-------- EXTRACTED DATA --------

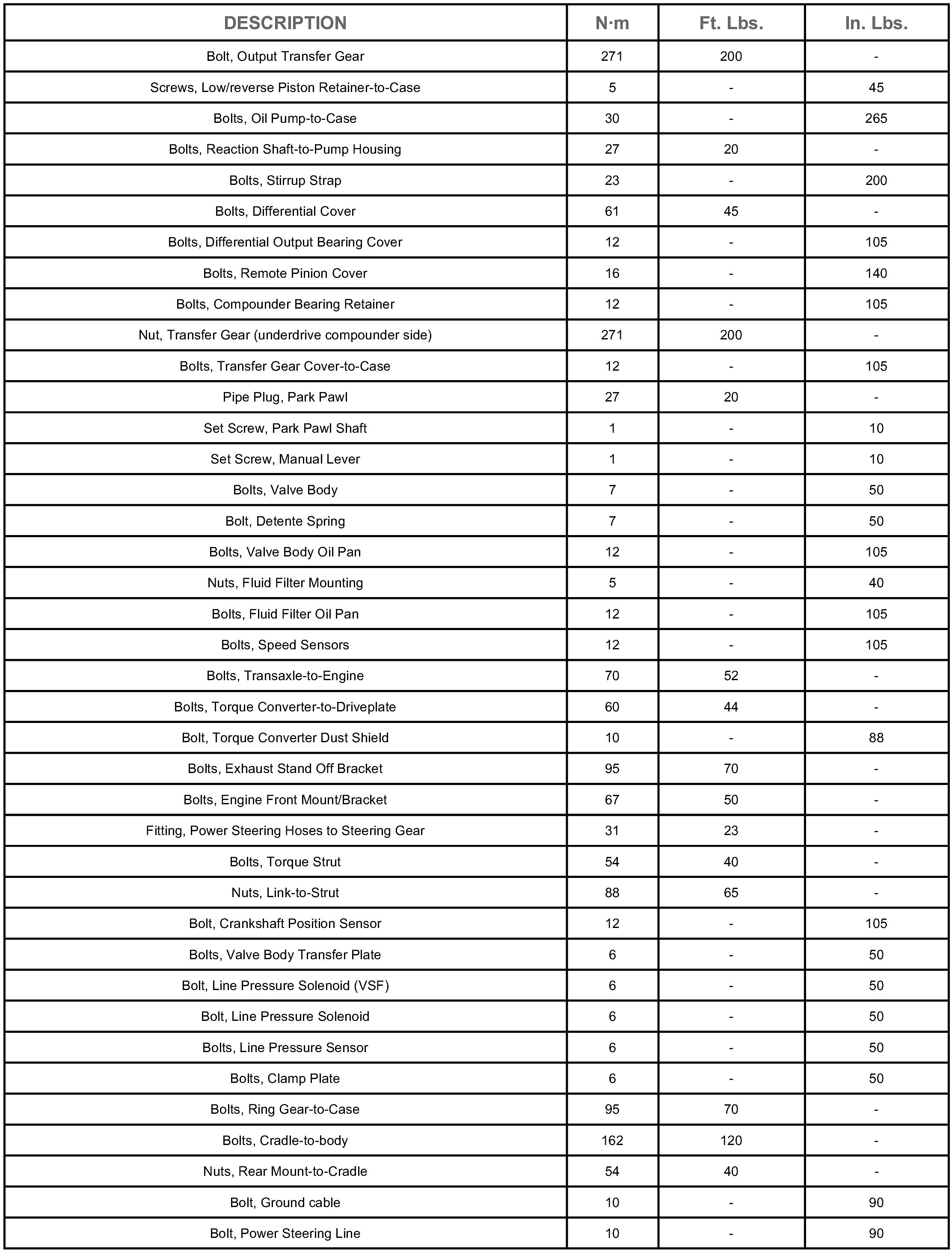 TORQUE SPECIFICATIONS
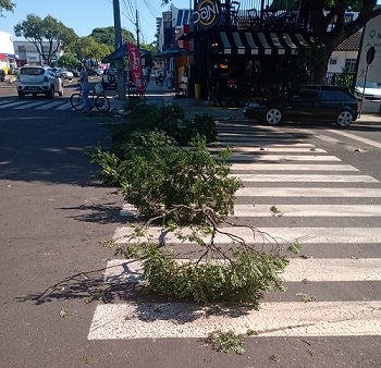 Vendaval no centro de Campo Mourão? Nada disso. É a sinalização, em plena av. Capitão Índio Bandeira, de impedimento de via por causa do corte de uma árvore.
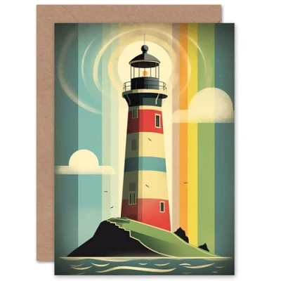 Artery8 Modern Lighthouse Seascape Seaside for Him or Her Man Woman Birthday Thank You Congratulations Blank Art Greeting Card
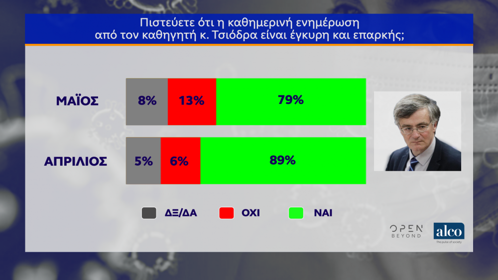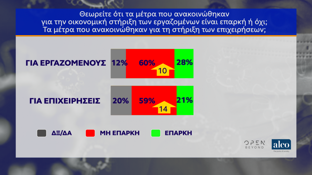 Στο θέμα των εργασιακών και της στήριξης των επιχειρήσεων σχεδόν 6 στους 10 κρίνουν τα μέτρα που έχουν ληφθεί ως μη επαρκή, τόσο για τους εργαζομένους όσο και για τις επιχειρήσεις. Οι ερωτηθέντες θεωρούν ότι τα οικονομικά μέτρα για τους εργαζόμενους είναι μη επαρκή με ποσοστό 60% και 28% επαρκή. Αντίστοιχα είναι και τα ποσοστά για τις επιχειρήσεις με 59% μη επαρκή και 21% επαρκή. Τέλος, η ενημέρωση για την εξέλιξη της πανδημίας από τον καθηγητή Σωτήρη Τσιόδρα εκτιμάται ως έγκυρη και επαρκής από το εντυπωσιακό 79% των ερωτηθέντων. Να σημειωθεί πως το αντίστοιχο ποσοστό για τον Σωτήρη Τσιόδρα τον μήνα Απρίλιο έφτανε στο 89%!
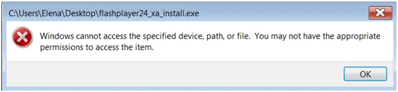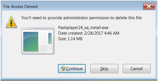 unable to delete flashplyer24_xa_install.exe from desktop

--------

## TASK BRIEF
Now repeat exactly the lines from the one with "Στο θέμα των" through the end of the listing above, both included, omitting all pictures.

## OUTPUT BELOW
 Στο θέμα των εργασιακών και της στήριξης των επιχειρήσεων σχεδόν 6 στους 10 κρίνουν τα μέτρα που έχουν ληφθεί ως μη επαρκή, τόσο για τους εργαζομένους όσο και για τις επιχειρήσεις. Οι ερωτηθέντες θεωρούν ότι τα οικονομικά μέτρα για τους εργαζόμενους είναι μη επαρκή με ποσοστό 60% και 28% επαρκή. Αντίστοιχα είναι και τα ποσοστά για τις επιχειρήσεις με 59% μη επαρκή και 21% επαρκή. Τέλος, η ενημέρωση για την εξέλιξη της πανδημίας από τον καθηγητή Σωτήρη Τσιόδρα εκτιμάται ως έγκυρη και επαρκής από το εντυπωσιακό 79% των ερωτηθέντων. Να σημειωθεί πως το αντίστοιχο ποσοστό για τον Σωτήρη Τσιόδρα τον μήνα Απρίλιο έφτανε στο 89%!
 unable to delete flashplyer24_xa_install.exe from desktop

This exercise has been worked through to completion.